**YOUR OBJECTIVE:** After locating the line that contains "ਸਿੱਖਿਆ ਵਿਭਾਗ ਵੱਲੋਂ" in the material below, copy that line and each one following it, exactly, up to the last line. Pictures stay out.

**RECORDED INFORMATION:**
------------------------

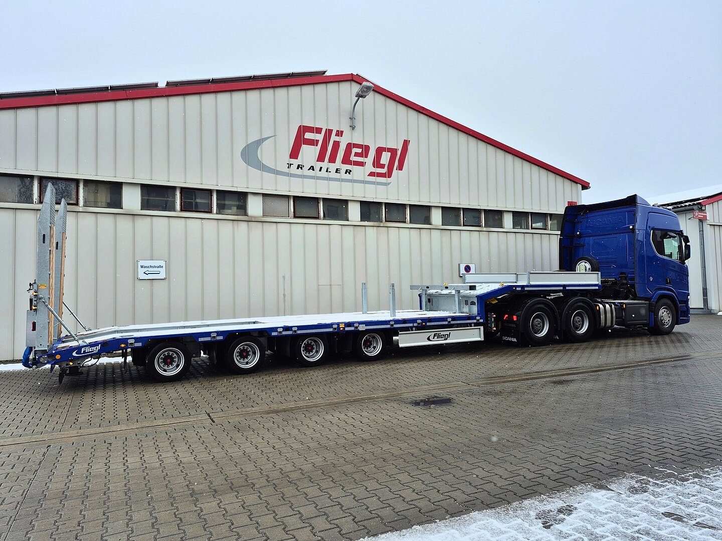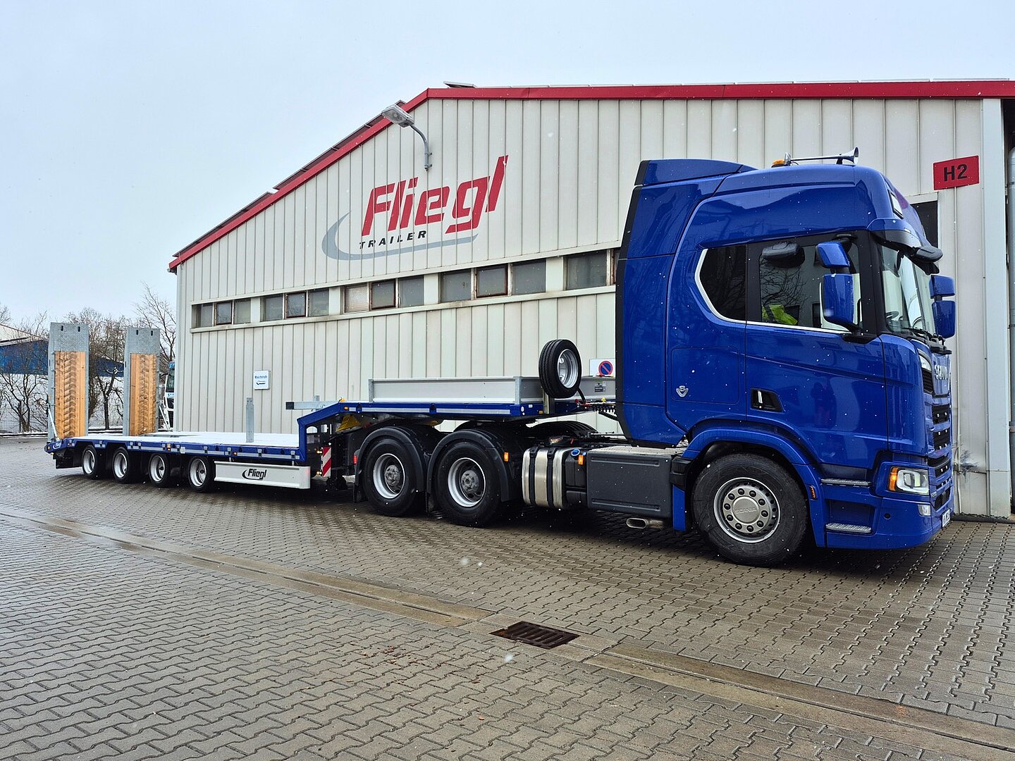 Fliegl legt Ihre Ladung tiefer: Für schwere, hohe oder sperrige Lasten wie Baumaschinen, Anlagenteile oder Betonelemente hat Fliegl diverse Tieflader im Portfolio. Ob Satteltieflader oder Tiefladeanhänger – dank 30 Jahren Erfahrung im Trailer-Bau sind alle Fliegl-Fahrzeuge optimal für den harten Transportalltag ausgerüstet. Das beginnt bei diversen Rampenausführungen: Ob einteilig oder zweigeteilt, lang oder kurz, mit Holz oder Metallgittern belegt, gerade oder mit Heckanschrägung – Fliegl bietet für jeden Einsatzzweck die optimale Rampe; auf Wunsch hydraulisch heb-, senk- sowie seitlich verschiebbar. Auf dem Boden sorgt robustes Holz mit 70 Millimeter Stärke für Grip und Standfestigkeit. Die Verlegung mit Spalt zwischen den Bohlen sorgt dafür, dass das Holz schneller wieder trocknet und so länger hält.
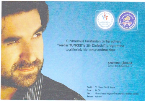 Gençlik ve Spor Bakanlığı ile Kredi Yurtlar Kurumu Genel Müdürlüğü işbirliğiyle düzenlenen şiir dinletisi, Pazar günü Abant İzzet Baysal Üniversitesi Kongre Salonunda saat 14.00’de gerçekleşecek.
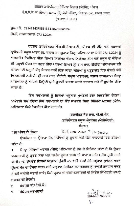 ਸਿੱਖਿਆ ਵਿਭਾਗ ਵੱਲੋਂ ਡਿਊਟੀ ‘ਚ ਕੁਤਾਹੀ ਵਰਤਣ ‘ਤੇ ਅਧਿਆਪਕ ਨੂੰ ਮੁਅੱਤਲ ਕੀਤਾ ਗਿਆ ਹੈ।
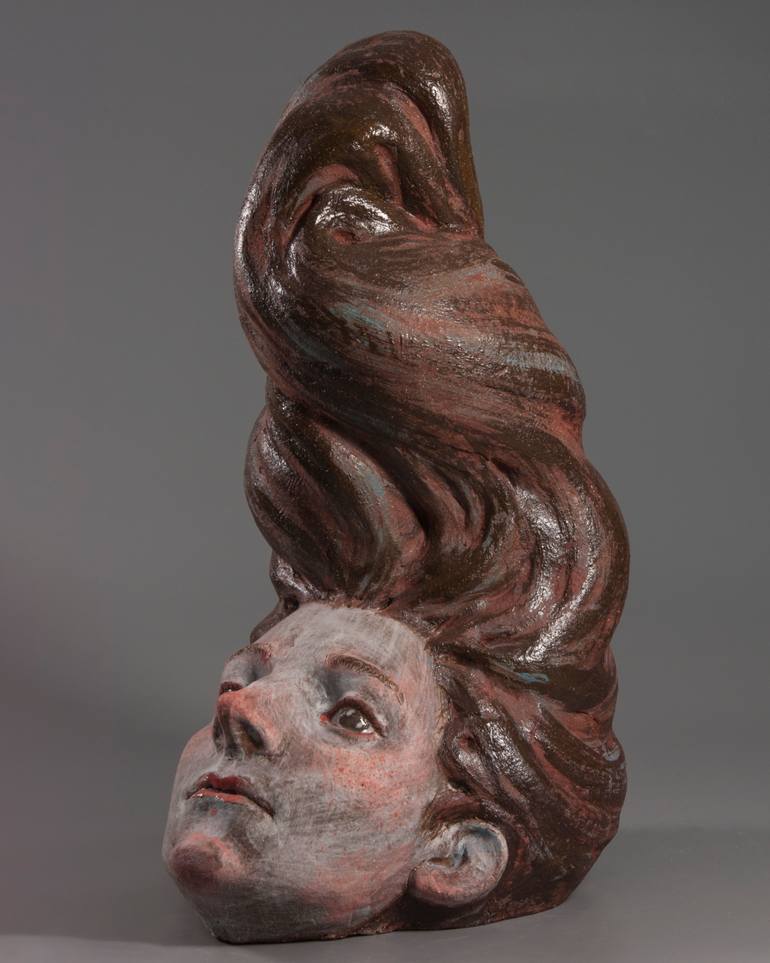This is a charming female portrait. It is made of fireclay and fired to cone 6. The coloured coating has a complex multi-layer application technique, which includes microcrystalline glazes, angobas, oxides and special author's mixtures and several firings. This is done to achieve a deep visual imag...

------------------------

**RESPONSE TO THIS TASK:**
 ਸਿੱਖਿਆ ਵਿਭਾਗ ਵੱਲੋਂ ਡਿਊਟੀ ‘ਚ ਕੁਤਾਹੀ ਵਰਤਣ ‘ਤੇ ਅਧਿਆਪਕ ਨੂੰ ਮੁਅੱਤਲ ਕੀਤਾ ਗਿਆ ਹੈ।
This is a charming female portrait. It is made of fireclay and fired to cone 6. The coloured coating has a complex multi-layer application technique, which includes microcrystalline glazes, angobas, oxides and special author's mixtures and several firings. This is done to achieve a deep visual imag...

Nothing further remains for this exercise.